[PROBLEM DETAILS]: Pictures excluded, reproduce exactly the lines below from the one with "レディース ハイウエスト 長袖 ロング ワンピース 台型スカート" through the one with "2年生と5年生で地域清掃に行", both included.

[EXCERPTED DATA]:
============================================================

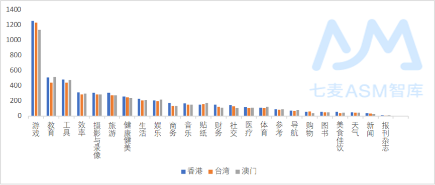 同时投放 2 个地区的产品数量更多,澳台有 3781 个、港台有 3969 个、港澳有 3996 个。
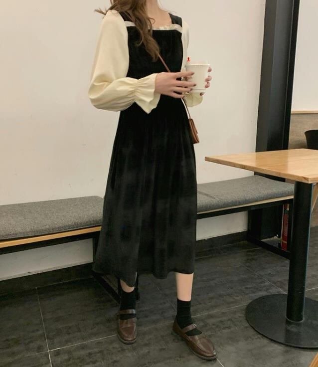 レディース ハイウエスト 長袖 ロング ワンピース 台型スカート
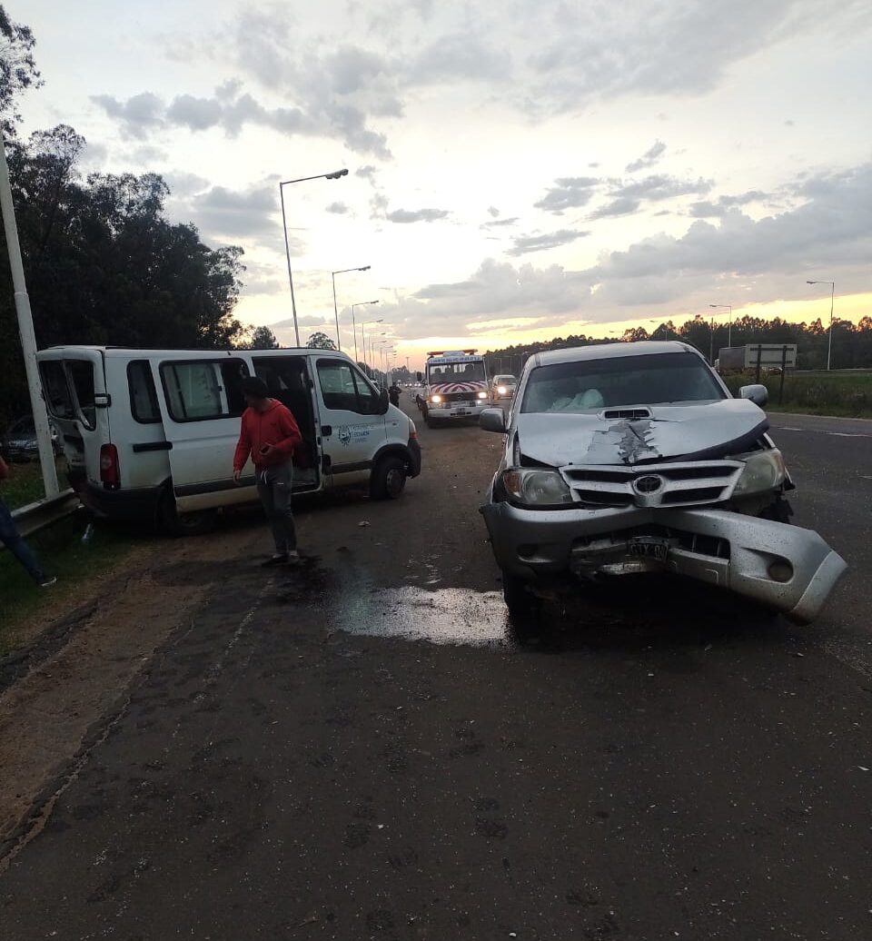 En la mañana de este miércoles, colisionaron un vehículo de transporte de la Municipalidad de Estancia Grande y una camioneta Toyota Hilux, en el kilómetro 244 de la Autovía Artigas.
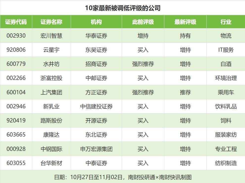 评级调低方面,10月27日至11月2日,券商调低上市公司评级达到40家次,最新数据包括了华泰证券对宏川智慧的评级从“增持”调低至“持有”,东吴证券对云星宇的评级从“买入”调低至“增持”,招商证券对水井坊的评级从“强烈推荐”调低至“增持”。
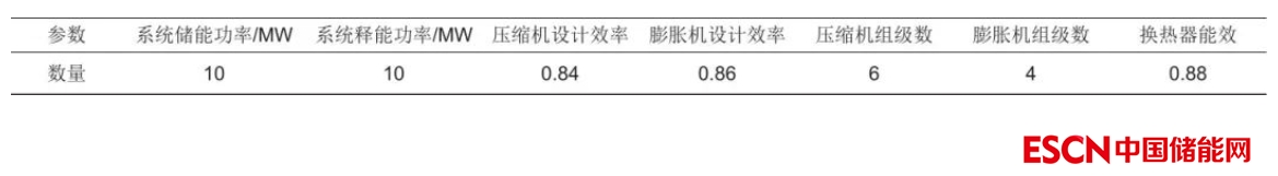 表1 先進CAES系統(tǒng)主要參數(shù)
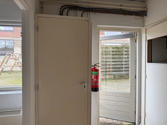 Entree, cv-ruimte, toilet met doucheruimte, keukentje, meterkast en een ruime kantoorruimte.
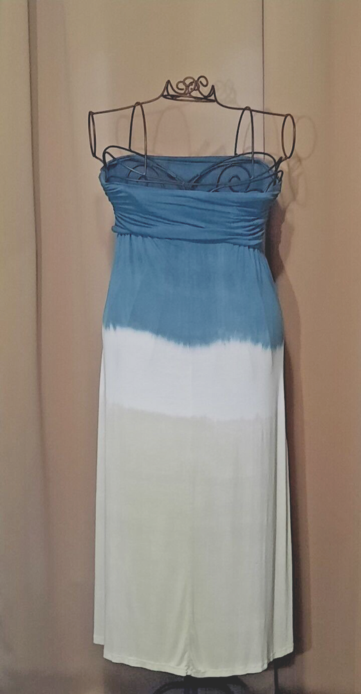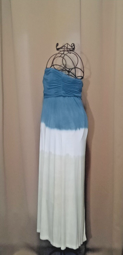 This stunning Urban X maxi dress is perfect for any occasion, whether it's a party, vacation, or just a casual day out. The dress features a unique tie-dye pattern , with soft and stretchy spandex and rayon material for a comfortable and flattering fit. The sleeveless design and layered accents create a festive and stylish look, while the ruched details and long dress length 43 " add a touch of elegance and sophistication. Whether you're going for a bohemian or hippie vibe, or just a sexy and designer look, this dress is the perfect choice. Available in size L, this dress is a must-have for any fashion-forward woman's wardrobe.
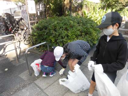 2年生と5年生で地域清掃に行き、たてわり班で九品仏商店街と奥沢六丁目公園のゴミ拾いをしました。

============================================================

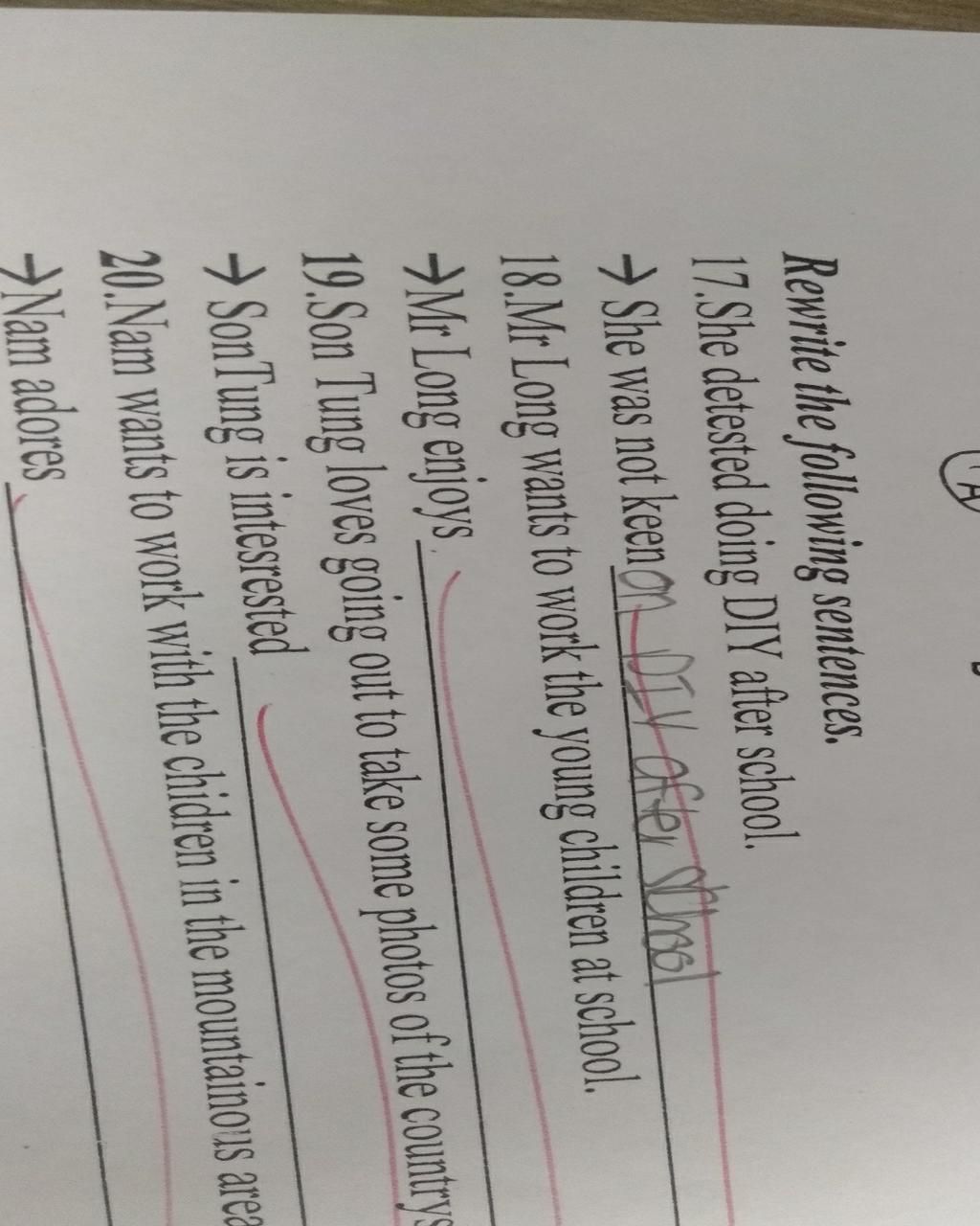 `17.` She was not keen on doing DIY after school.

============================================================

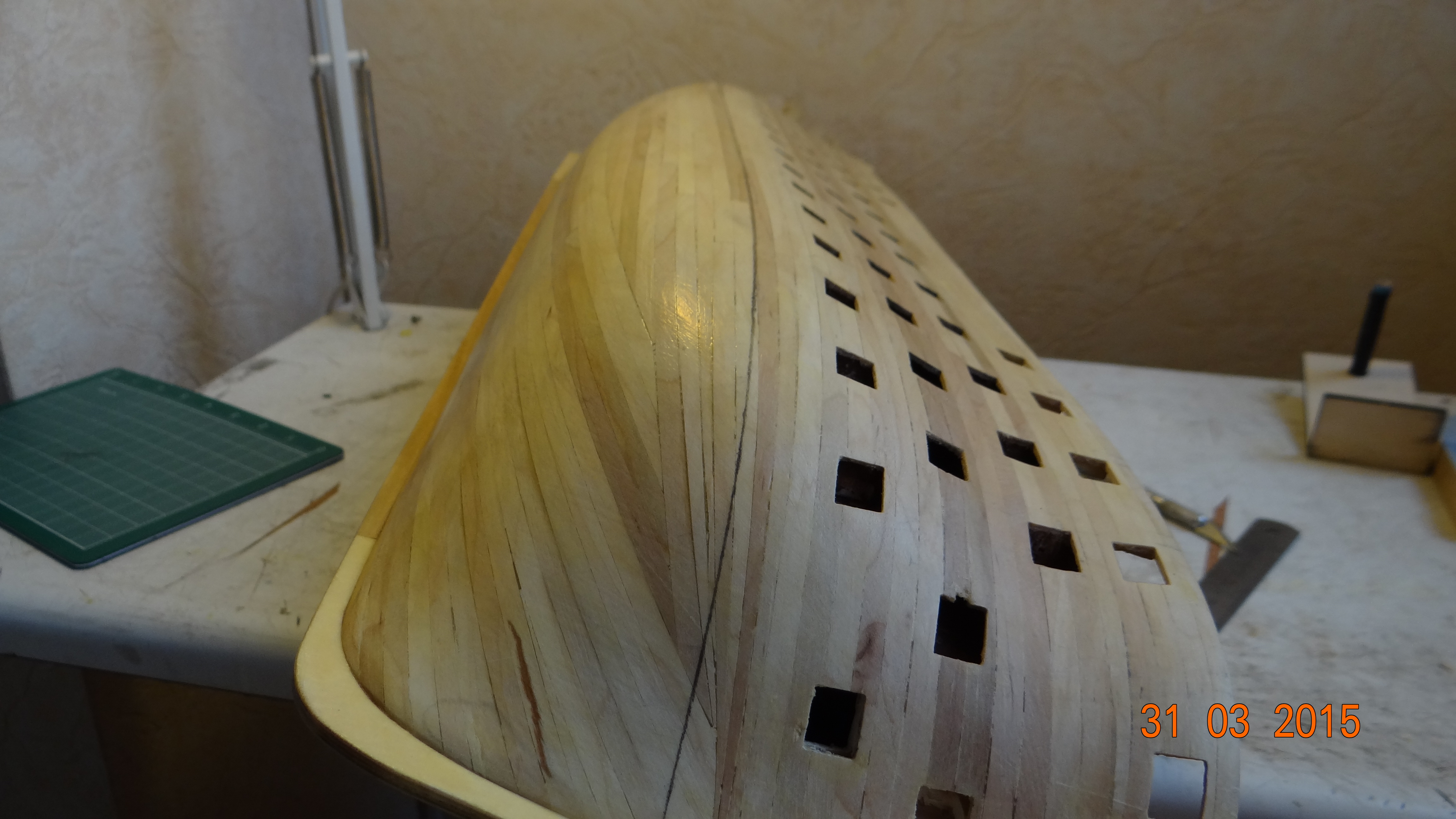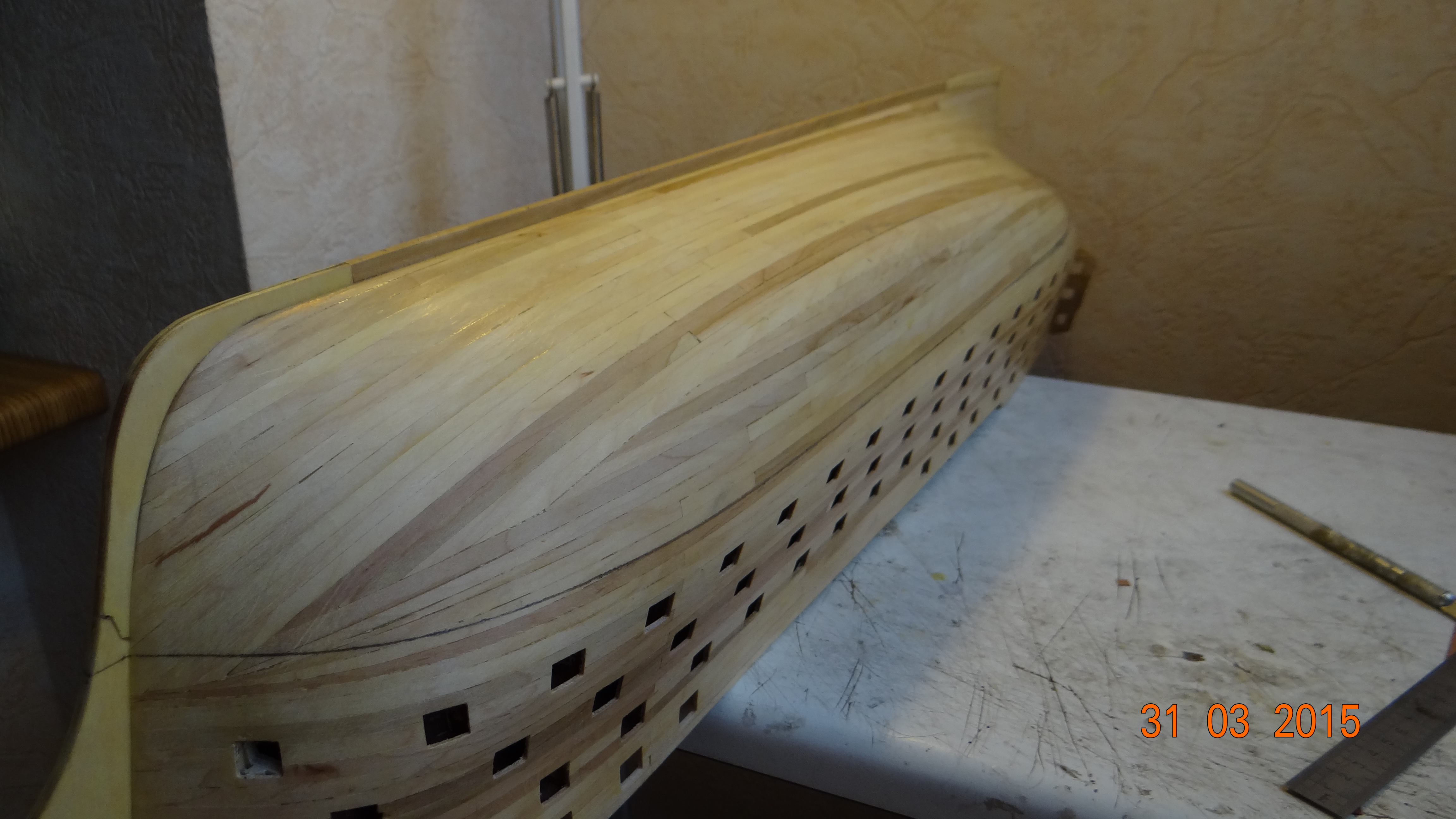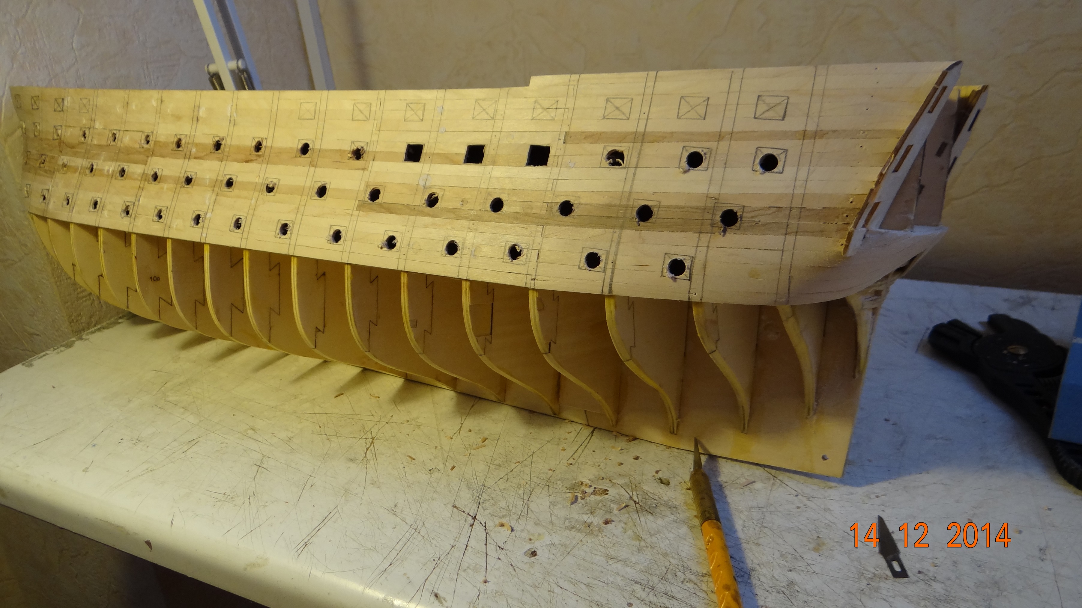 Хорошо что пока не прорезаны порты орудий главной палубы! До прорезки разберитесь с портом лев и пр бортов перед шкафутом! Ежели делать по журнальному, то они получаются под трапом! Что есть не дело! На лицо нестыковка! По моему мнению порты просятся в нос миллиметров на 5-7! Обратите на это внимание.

============================================================

[FINISHED EXERCISE]:
 レディース ハイウエスト 長袖 ロング ワンピース 台型スカート
 En la mañana de este miércoles, colisionaron un vehículo de transporte de la Municipalidad de Estancia Grande y una camioneta Toyota Hilux, en el kilómetro 244 de la Autovía Artigas.
 评级调低方面,10月27日至11月2日,券商调低上市公司评级达到40家次,最新数据包括了华泰证券对宏川智慧的评级从“增持”调低至“持有”,东吴证券对云星宇的评级从“买入”调低至“增持”,招商证券对水井坊的评级从“强烈推荐”调低至“增持”。
 表1 先進CAES系統(tǒng)主要參數(shù)
 Entree, cv-ruimte, toilet met doucheruimte, keukentje, meterkast en een ruime kantoorruimte.
 This stunning Urban X maxi dress is perfect for any occasion, whether it's a party, vacation, or just a casual day out. The dress features a unique tie-dye pattern , with soft and stretchy spandex and rayon material for a comfortable and flattering fit. The sleeveless design and layered accents create a festive and stylish look, while the ruched details and long dress length 43 " add a touch of elegance and sophistication. Whether you're going for a bohemian or hippie vibe, or just a sexy and designer look, this dress is the perfect choice. Available in size L, this dress is a must-have for any fashion-forward woman's wardrobe.
 2年生と5年生で地域清掃に行き、たてわり班で九品仏商店街と奥沢六丁目公園のゴミ拾いをしました。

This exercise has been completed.